Dann werd ich mir das mal zulegen. — Aber spitzfindig wie ich bin (:-): Meinst Du ein richtiges Backofenthermometer? (Es gibt ja auch noch die sog. Braten-Thermometer.) Ich denke, Du meinst das Backofen-„Gelöt“, richtig?
Denn ich will (D)einen Marmorkuchen, der danach wimmert und schreit, verspeist zu werden.
Ansonsten: Gute Woche.
Ich empfehle auf jeden Fall ein richtiges Backofenthermometer, das man in den Backofen (an die Streben) hängen kann. Seitdem ich Eines verwende, hat sich meine Zuneigung zum Backen wirklich vervielfacht. Mein Ofen hat im Schnitt rund 20 Grad weniger, als ich einstelle.

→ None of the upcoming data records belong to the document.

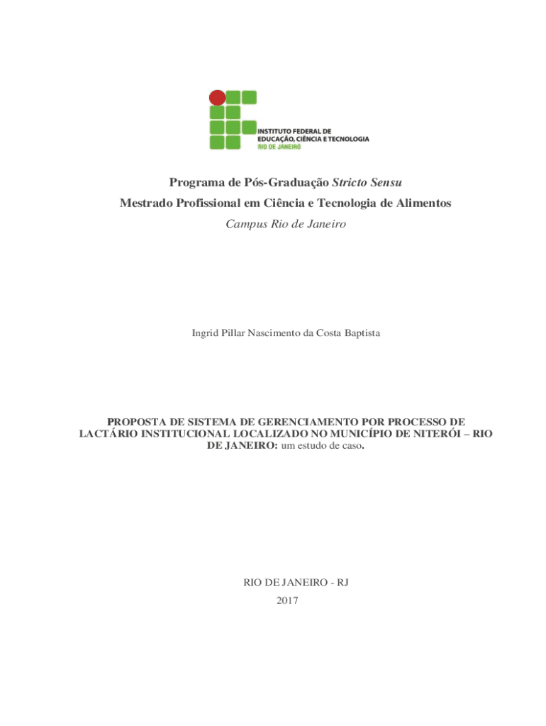 Program de PsGraduao Strict Sense Estrada Professional em India e Technology de Alimentos Campus Rio de JaneiroIngrid Pillar Nascimento the Costa BaptistaPROPOSTA DE SYSTEM DE GERENCIAMENTO POR PROCESS
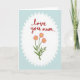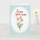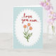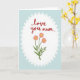 This greeting card features a crisp white oval at the center, edged with a scalloped border that resembles a lace doily, set against a soft pastel blue background. A faint cross-hatched texture runs through the blue area, giving it the look of cozy fabric or textured paper. Near the top inside the oval, a short message appears in flowing red lettering, positioned like a tender note meant for someone close ❤️. Beneath the words, three stylized flowers rise on slim green stems, their pink petals leaning slightly toward one another as if sharing a quiet moment. Each bloom has a sunny yellow center dotted with tiny specks, and the petals show fine line details that add depth without feeling busy. Small green leaves fill in the lower area, keeping the arrangement balanced and gently romantic 🌼. The red text sits above the floral cluster, while the blossoms and foliage stay neatly contained within the white oval frame. The scalloped white border stands out sharply against the pale blue field, with the subtle cross-hatching visible around all sides.
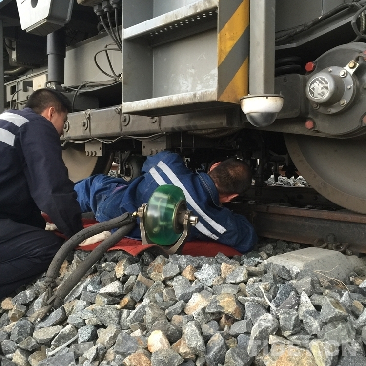 即將達(dá)到加查站時,探傷員余賢明發(fā)現(xiàn)探傷車左側(cè)第2個探輪有破損現(xiàn)象,需要更換探輪,大家立刻按照分工各就各位。隊長聯(lián)系集團公司調(diào)度、加查站安排探傷車??寇囌?,設(shè)置好防護后,李生紅和余賢明立即鉆到車下拆卸破損探輪,崔成剛和李慧臣則準(zhǔn)備好新的探輪。四個人分工協(xié)作,在夜幕降臨之前將新的探輪安裝了上去。
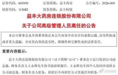 目前,益丰药房已安排公司董事、执行总裁高佑成代行财务负责人职责。尽管公司强调此举不会影响正常经营,但由执行总裁兼任财务负责人,在公司治理中一般只能作为过渡性的“补位”措施。
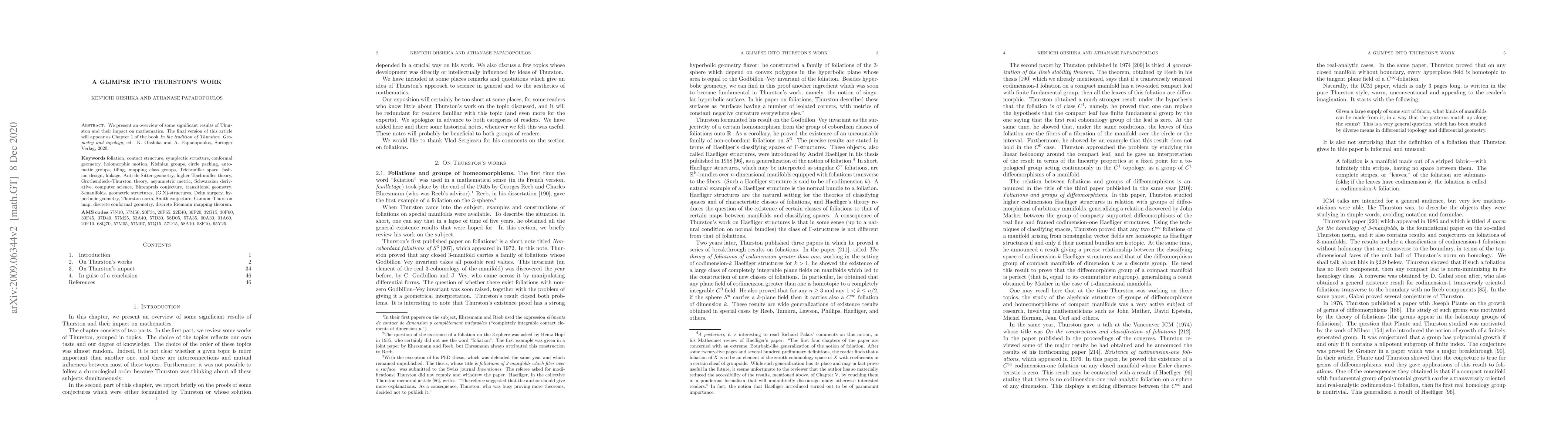 We present an overview of some significant results of Thurston and their impact on mathematics. The final version of this paper will appear as Chapter 1 of the book "In the tradition of Thurston: Geometry and topology", edited by K. Ohshika and A. Papadopoulos (Springer, 2020).
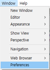 1. 이클립스 상단 메뉴 Window - Preferences 를 클릭
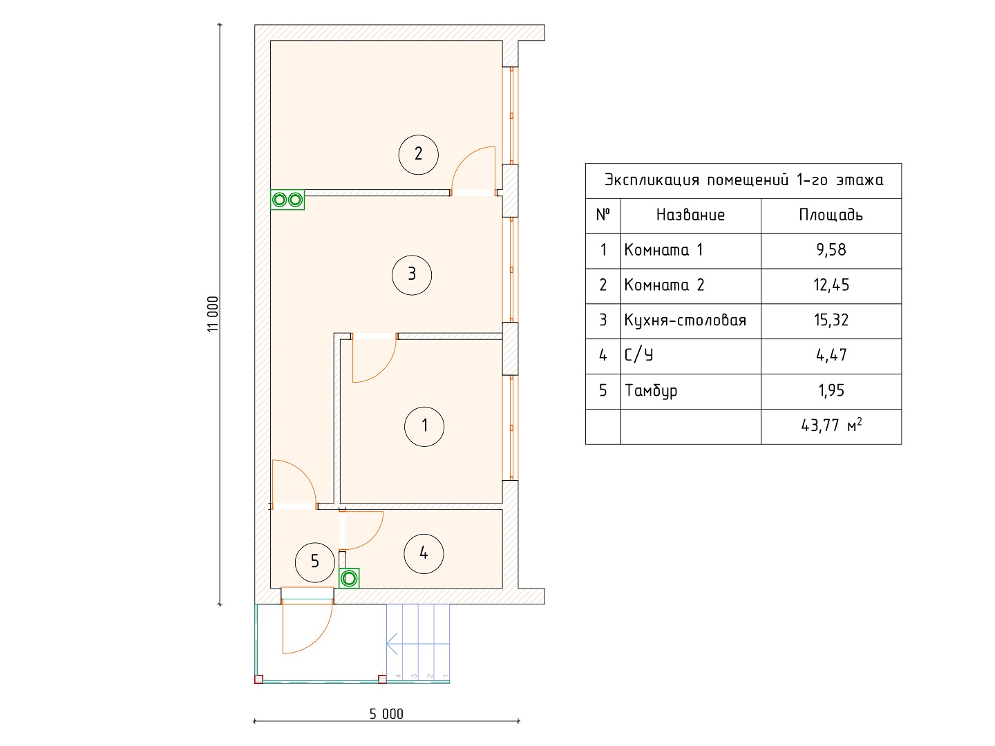 Проект одноэтажного дома 2.33 - 43,8 м2
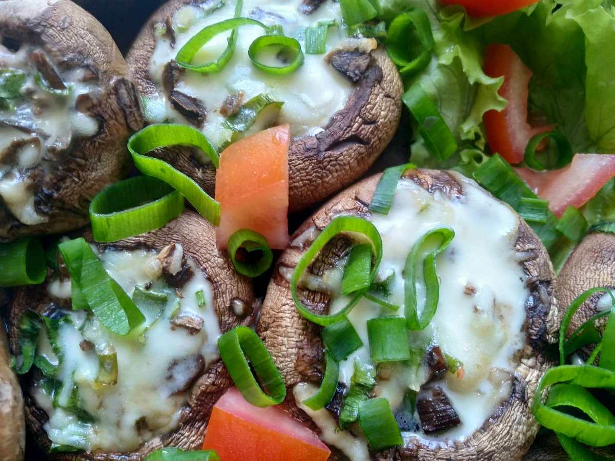 Дістаємо наші фаршировані шампіньйони з духовки, посипаємо зеленню і подаємо до столу.
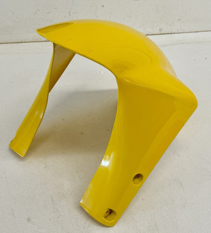The Genuine Ducati 56410181A Front Fender Mudguard in Yellow is a high-quality motorcycle part made in Italy. This painted ABS fender is designed specifically for street motorcycles such as the Ducati 748, 998, 996, and 916. With its front placement on the vehicle, this fender only includes one piece, providing a perfect fit and genuine Ducati quality for motorcycle enthusiasts looking to replace or upgrade their bike's appearance.
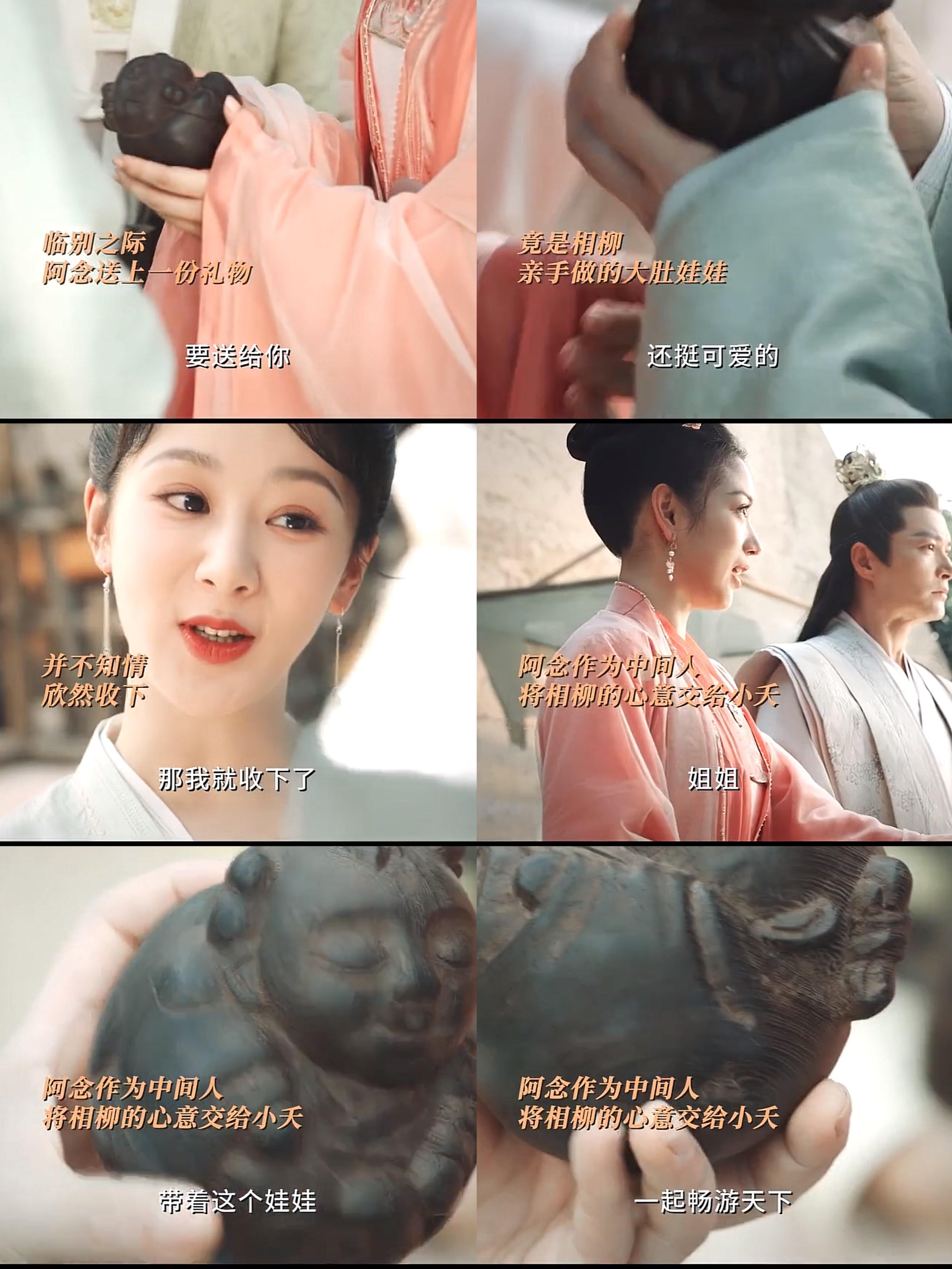 阿念新婚礼物(相柳准备的)送给小夭,叮嘱她要好好保管,带着这个娃娃一起看畅游天下……

Und wenn du etwas bei 180 Grad eine Stunde backen sollst und du backst es unbewusst eine Stunde bei 160 Grad, bringt dir das Ergebnis keine Freude. Ich liebe mein Backofenthermometer! 😀
Ich wünsche dir auf jeden Fall gutes Gelingen und auch ein schöne Woche!